◆ What needs to be done ◆
Exactly as written, retype the listing below, omitting the pictures.

◆ Information provided ◆
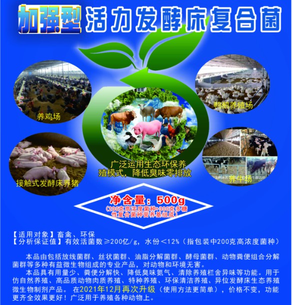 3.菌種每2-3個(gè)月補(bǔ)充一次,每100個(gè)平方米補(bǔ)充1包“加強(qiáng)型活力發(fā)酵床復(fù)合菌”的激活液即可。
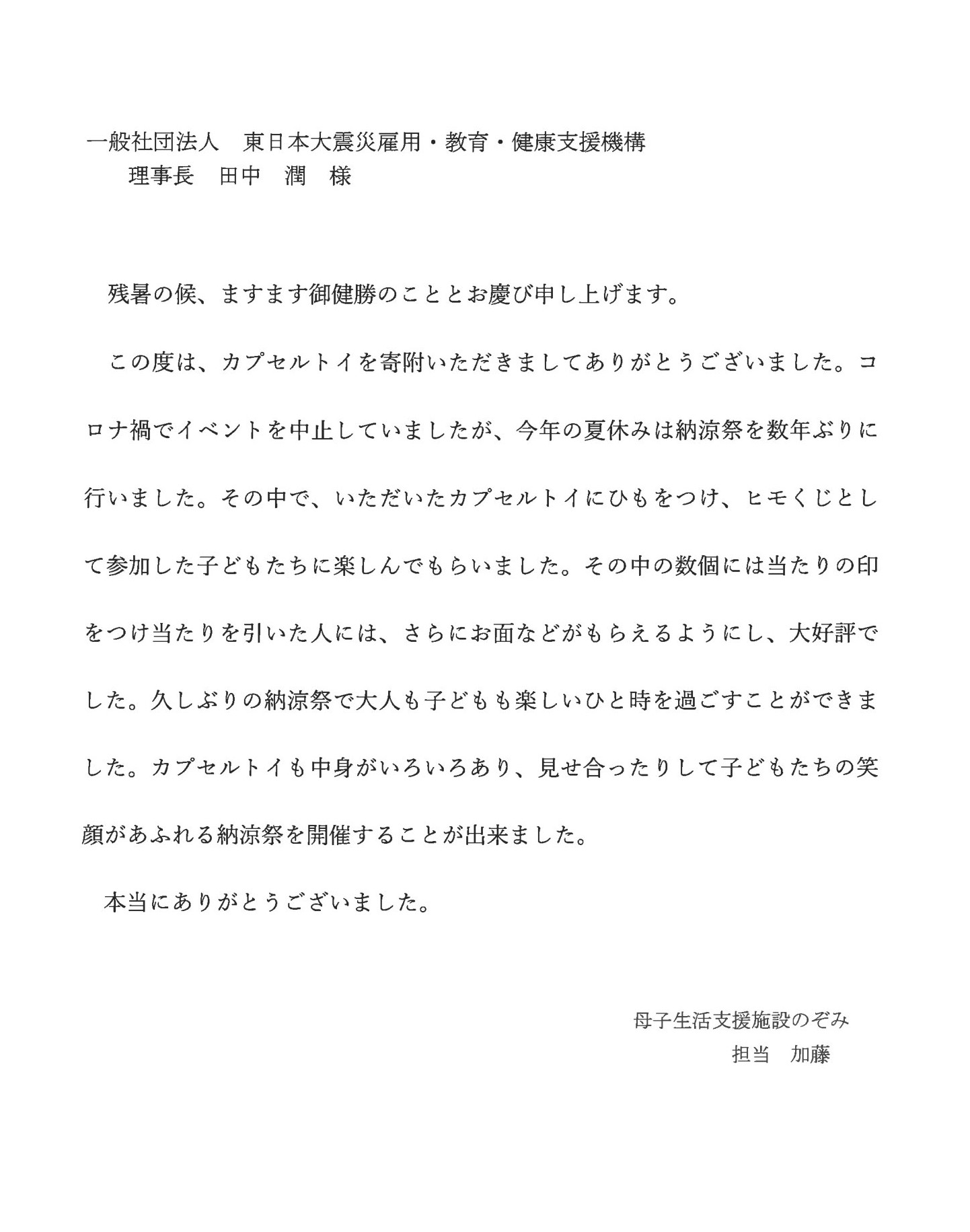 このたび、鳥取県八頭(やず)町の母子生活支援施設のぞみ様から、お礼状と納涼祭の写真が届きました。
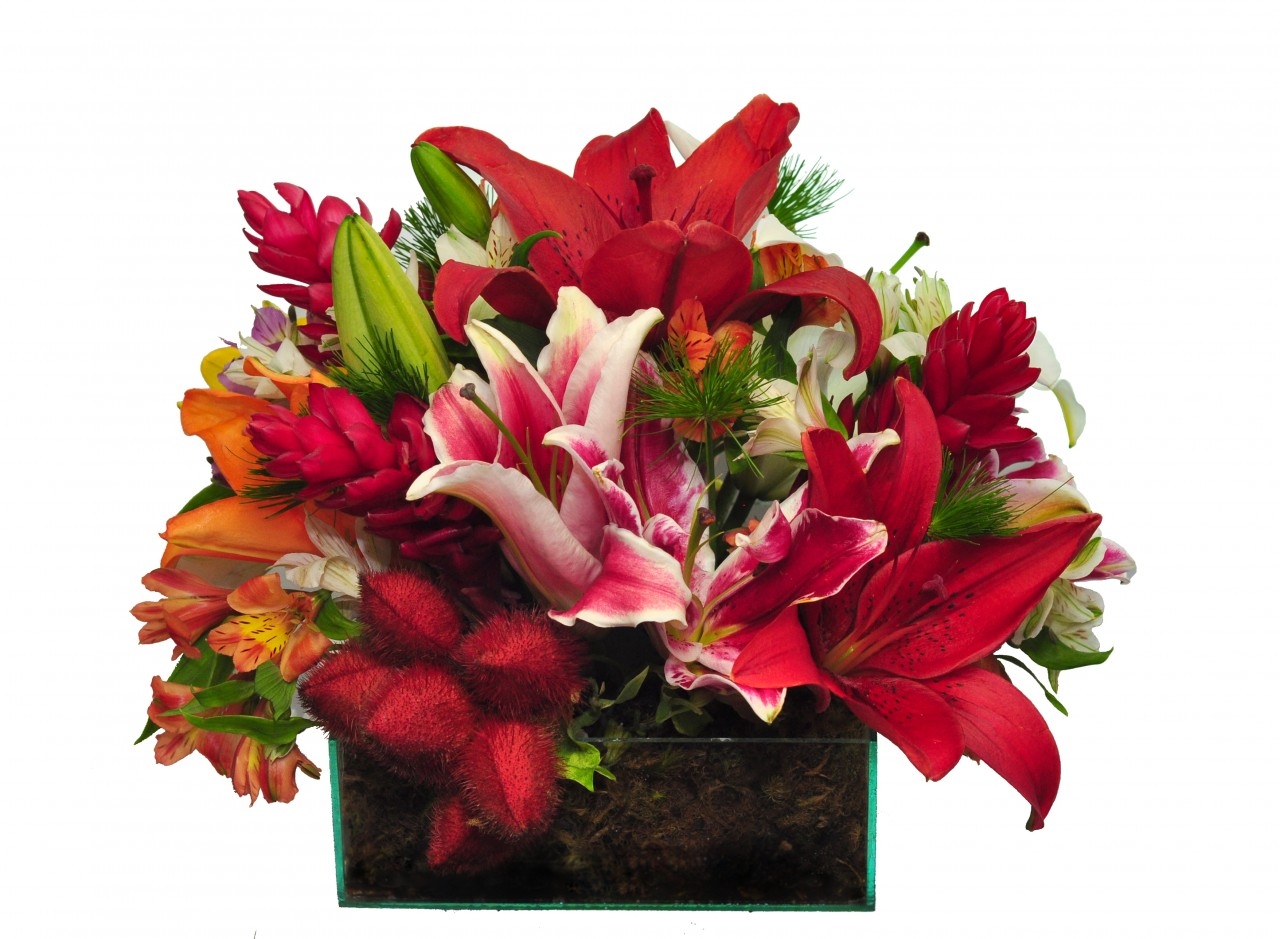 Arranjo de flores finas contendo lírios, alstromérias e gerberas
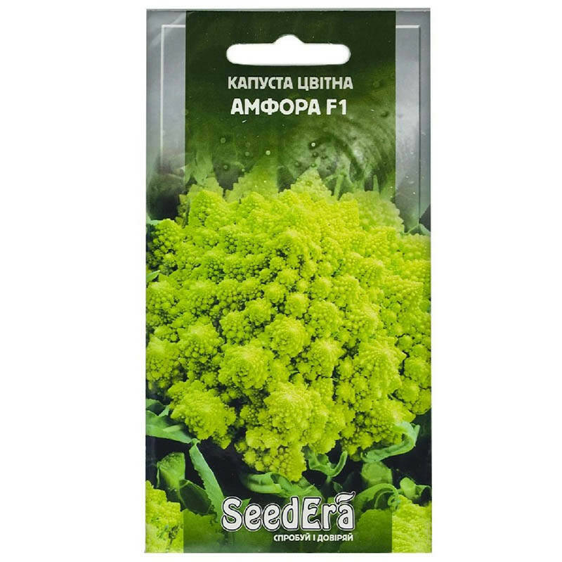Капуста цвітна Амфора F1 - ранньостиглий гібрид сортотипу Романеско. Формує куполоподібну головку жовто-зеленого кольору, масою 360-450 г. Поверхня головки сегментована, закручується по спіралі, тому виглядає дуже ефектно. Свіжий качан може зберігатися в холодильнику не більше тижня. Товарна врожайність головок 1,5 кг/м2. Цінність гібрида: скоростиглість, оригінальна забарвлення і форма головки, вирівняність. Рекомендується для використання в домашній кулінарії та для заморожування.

◆ Solution to the exercise ◆
 3.菌種每2-3個(gè)月補(bǔ)充一次,每100個(gè)平方米補(bǔ)充1包“加強(qiáng)型活力發(fā)酵床復(fù)合菌”的激活液即可。
 このたび、鳥取県八頭(やず)町の母子生活支援施設のぞみ様から、お礼状と納涼祭の写真が届きました。
 Arranjo de flores finas contendo lírios, alstromérias e gerberas
Капуста цвітна Амфора F1 - ранньостиглий гібрид сортотипу Романеско. Формує куполоподібну головку жовто-зеленого кольору, масою 360-450 г. Поверхня головки сегментована, закручується по спіралі, тому виглядає дуже ефектно. Свіжий качан може зберігатися в холодильнику не більше тижня. Товарна врожайність головок 1,5 кг/м2. Цінність гібрида: скоростиглість, оригінальна забарвлення і форма головки, вирівняність. Рекомендується для використання в домашній кулінарії та для заморожування.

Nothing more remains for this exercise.